Multiple Sclerose: naar een revolutie in de behandeling
Voor de tienduizend Belgen die vandaag lijden aan een vorm van Multiple Sclerose (MS) is er hoop op beterschap. Genezen lukt nog niet, maar verschillende nieuwe therapieën lijken erin te slagen de ziekte beter terug te dringen en het comfort van de patiënten te verbeteren. Specialisten voorspellen dat de behandeling van MS de volgende vijf jaar ingrijpend zal veranderen. Een blik op de niet zo verre toekomst.
Multiple sclerose is een chronische ontstekingsziekte, die zorgt voor een langzame of bij sommige patiënten versnelde aftakeling van het centrale zenuwstelsel.
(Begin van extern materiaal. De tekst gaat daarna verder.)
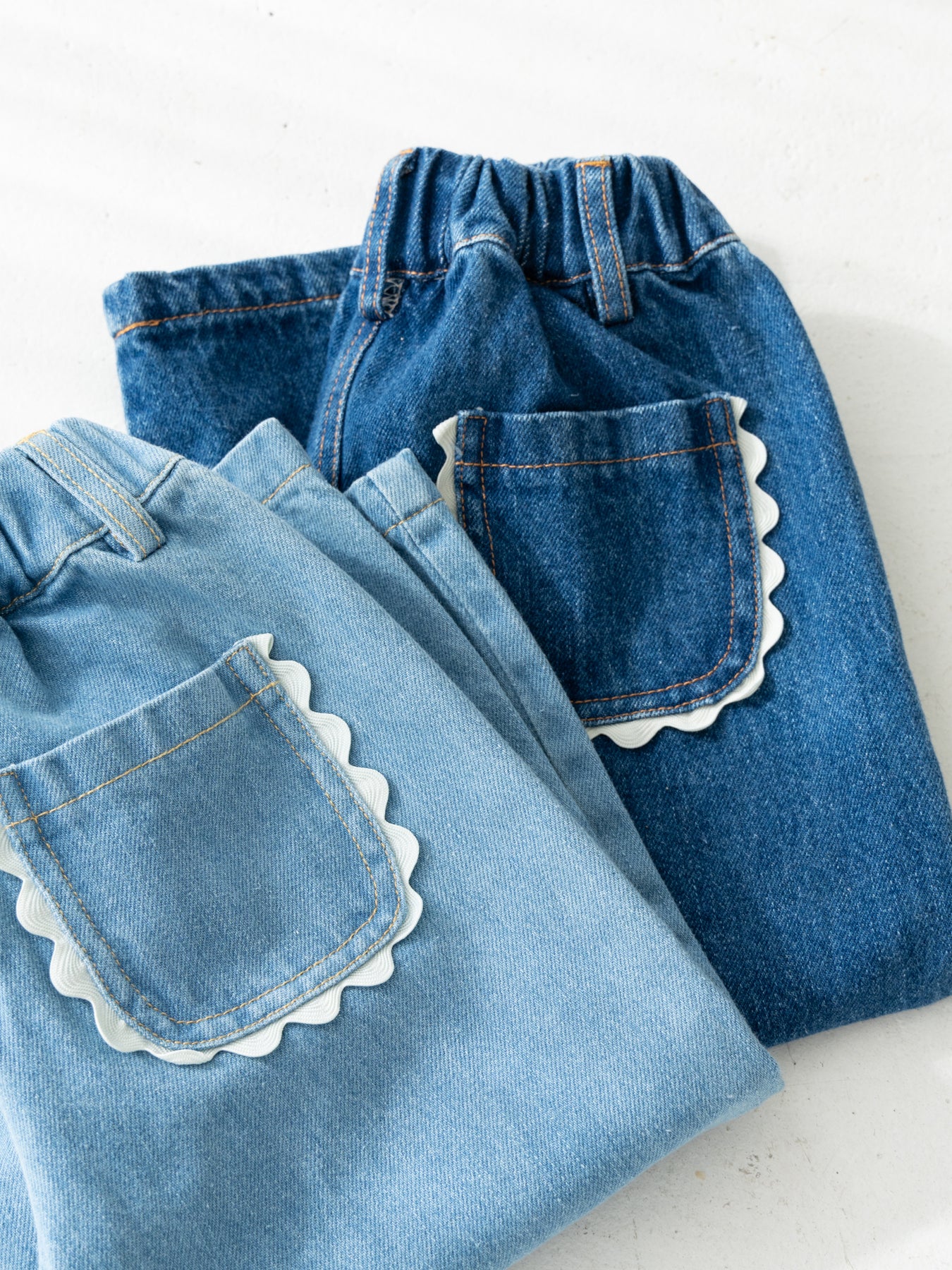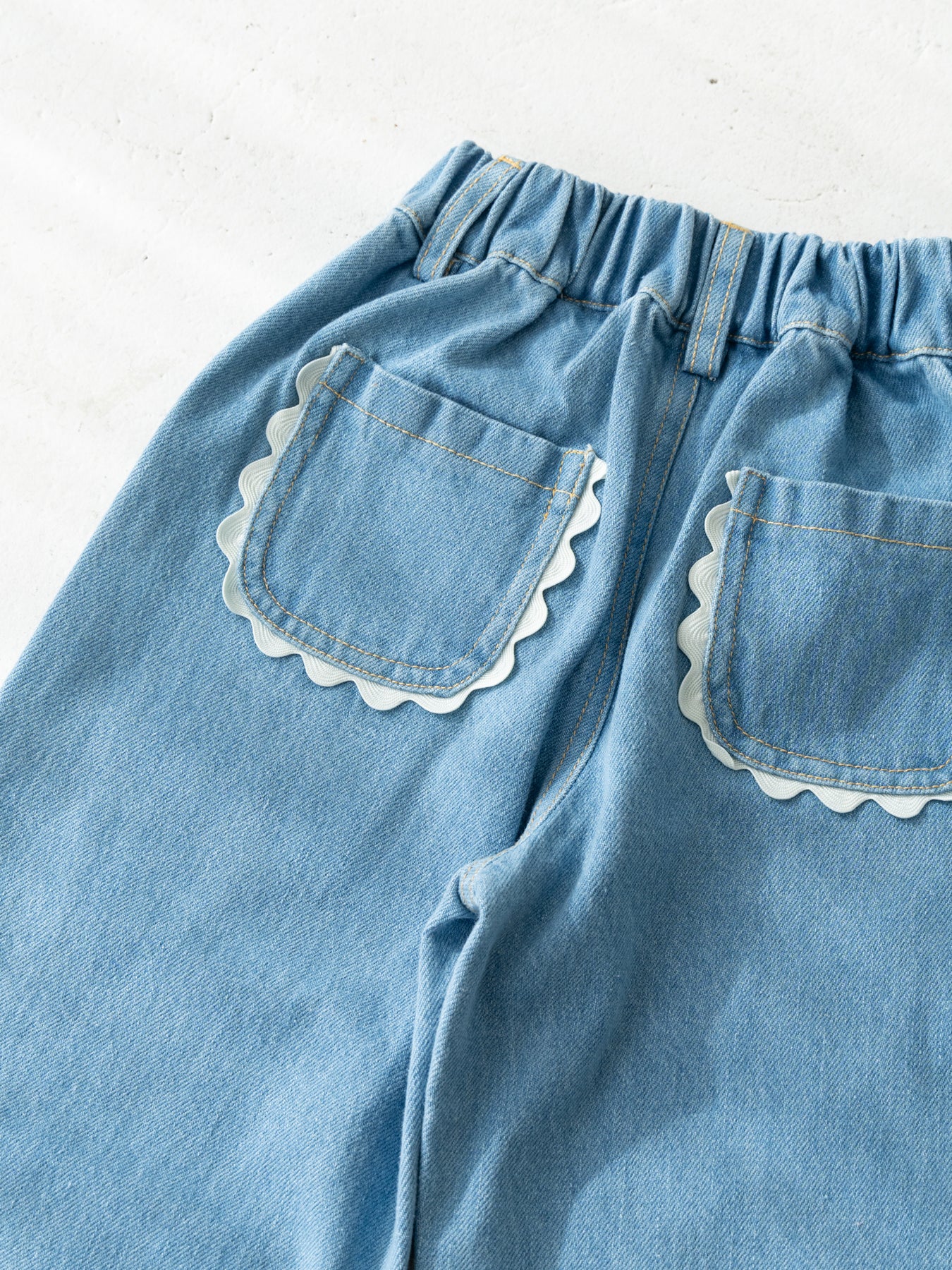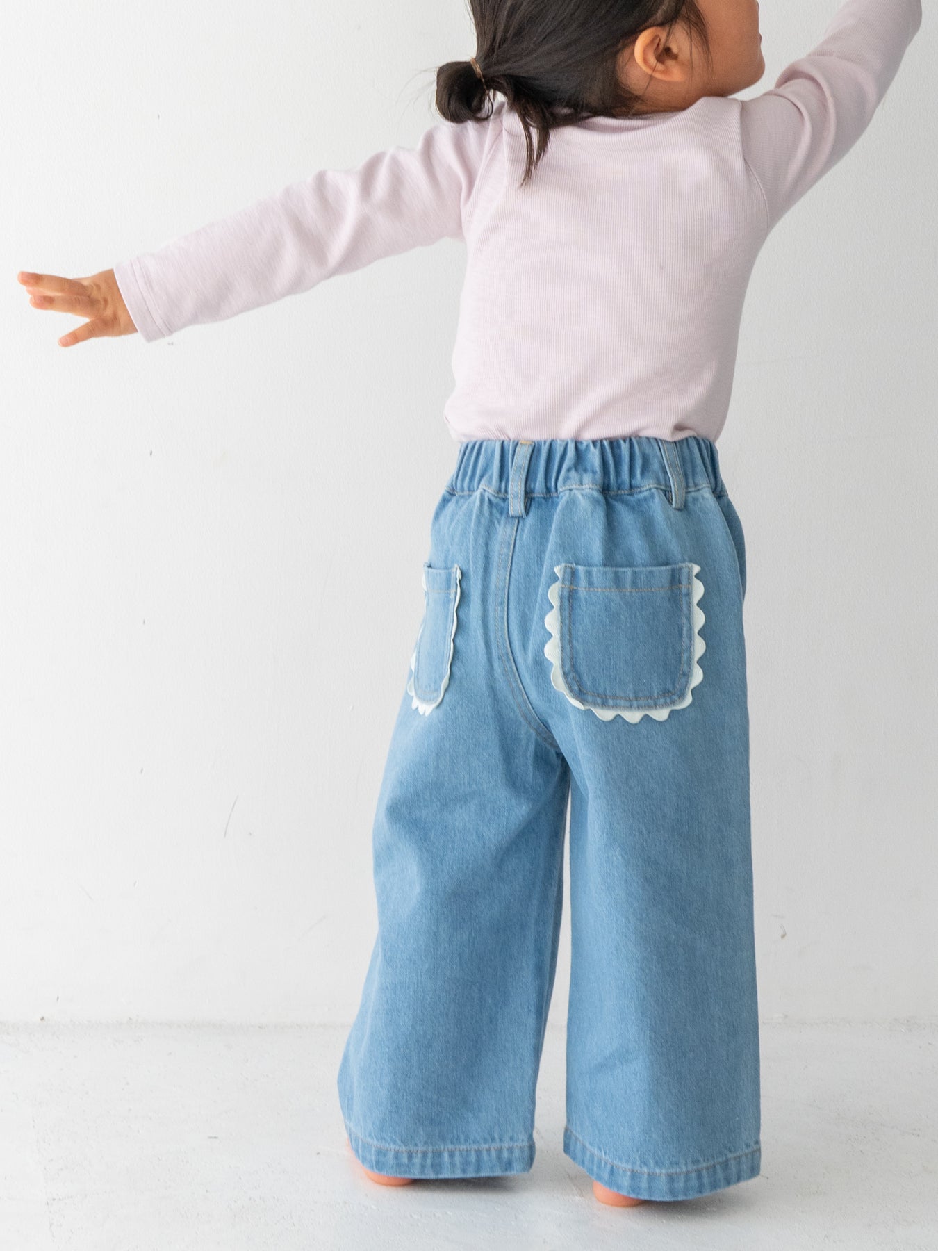 後ろ姿までかわいく仕上がる、特別なデニムパンツです。
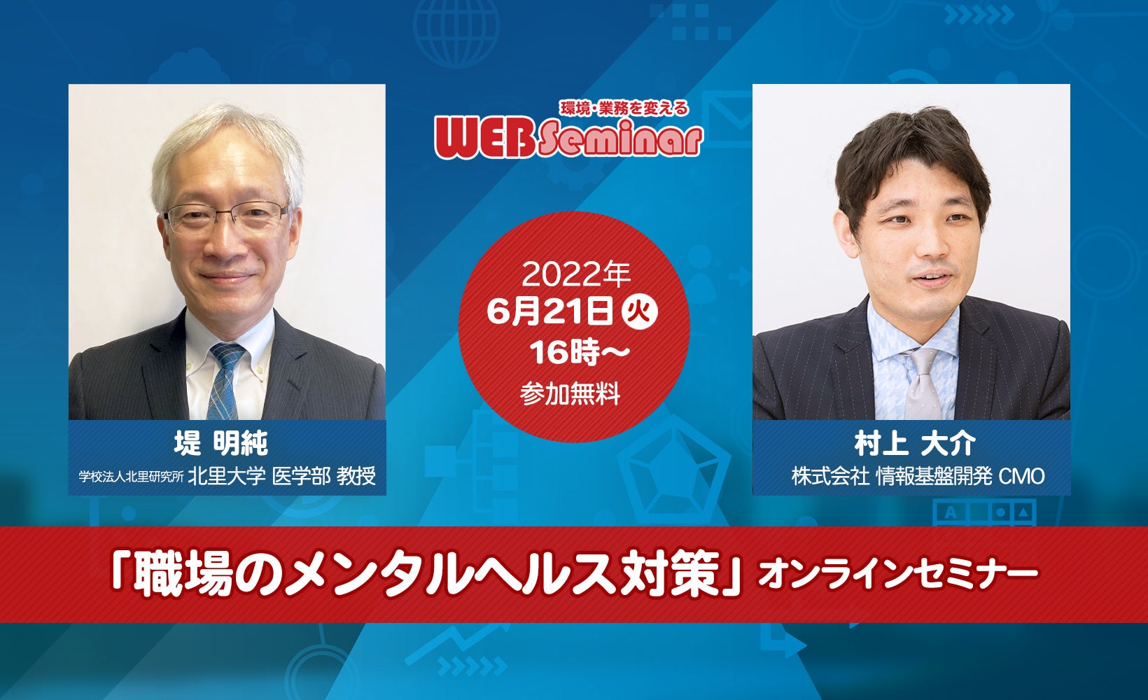 今回のセミナーでは、約1,000名の会員数を数える日本最大の産業ストレス/メンタルヘルスに関する学会「日本産業ストレス学会」の理事長を務める北里大学の堤教授に登壇いただき、当社・情報基盤開発と「職場のメンタルヘルス対策」をテーマにした共催セミナーを行います。
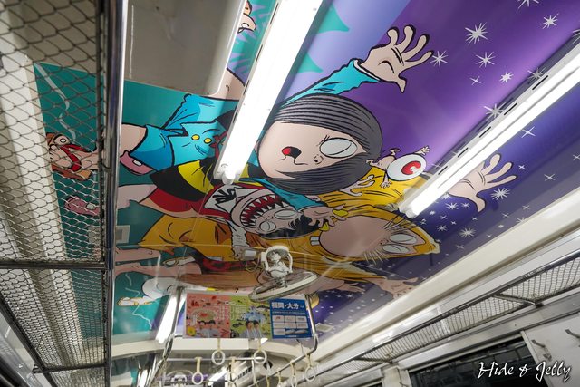 列車天花板還有主角們一起張開雙臂嚇人的彩繪,一定要抬頭看看啊。
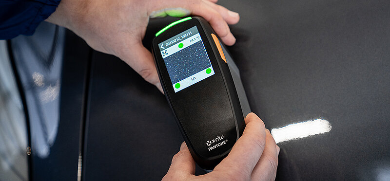 Een ander belangrijk onderdeel van het Smart Mixing System is het nieuwe kleurmeterapparaat X-Rite MA 5C. Dit moderne apparaat met meerdere hoeken en een ingebouwde camera registreert kleur- en structuurgegevens in één enkele stap. Het is snel, nauwkeurig en intuïtief te bedienen en vormt de basis voor exacte mengrecepten, die direct via de software MipaMix Elite worden aangemaakt. De combinatie van meetapparaat, software en machine zorgt voor maximale proceszekerheid en perfecte resultaten.
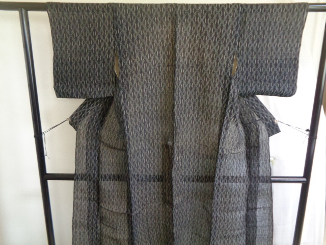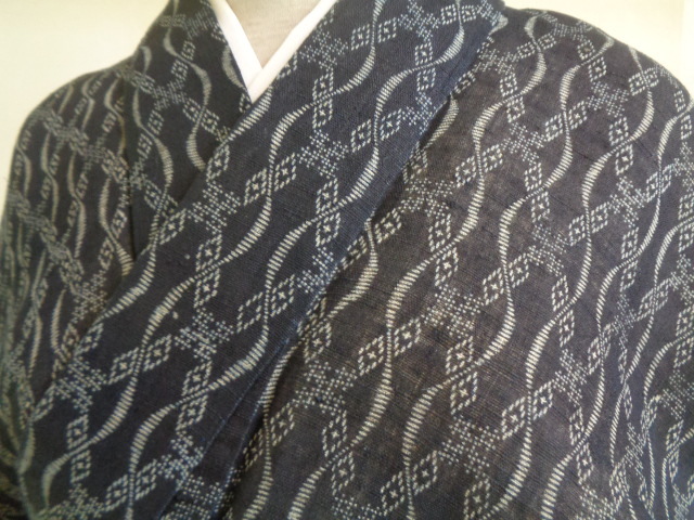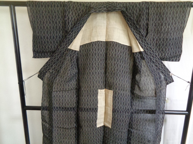 b559-80 アンティーク 麻 立涌幸菱格子織文 着丈135センチ 裄57センチ

Hersenen en ruggenmerg (die samen het centrale zenuwstelsel vormen) kunnen daardoor bepaalde signalen niet meer goed verwerken. Weinig aandoeningen hebben zo’n mysterieus aura als MS, precies omdat het zo’n gecompliceerde ziekte is die in uiteenlopende varianten voorkomt. Elke MS patiënt is uniek. De ziektesymptomen zijn lang niet altijd even zichtbaar, met als gevolg dat patiënten niet zelden op onbegrip van hun omgeving stuiten.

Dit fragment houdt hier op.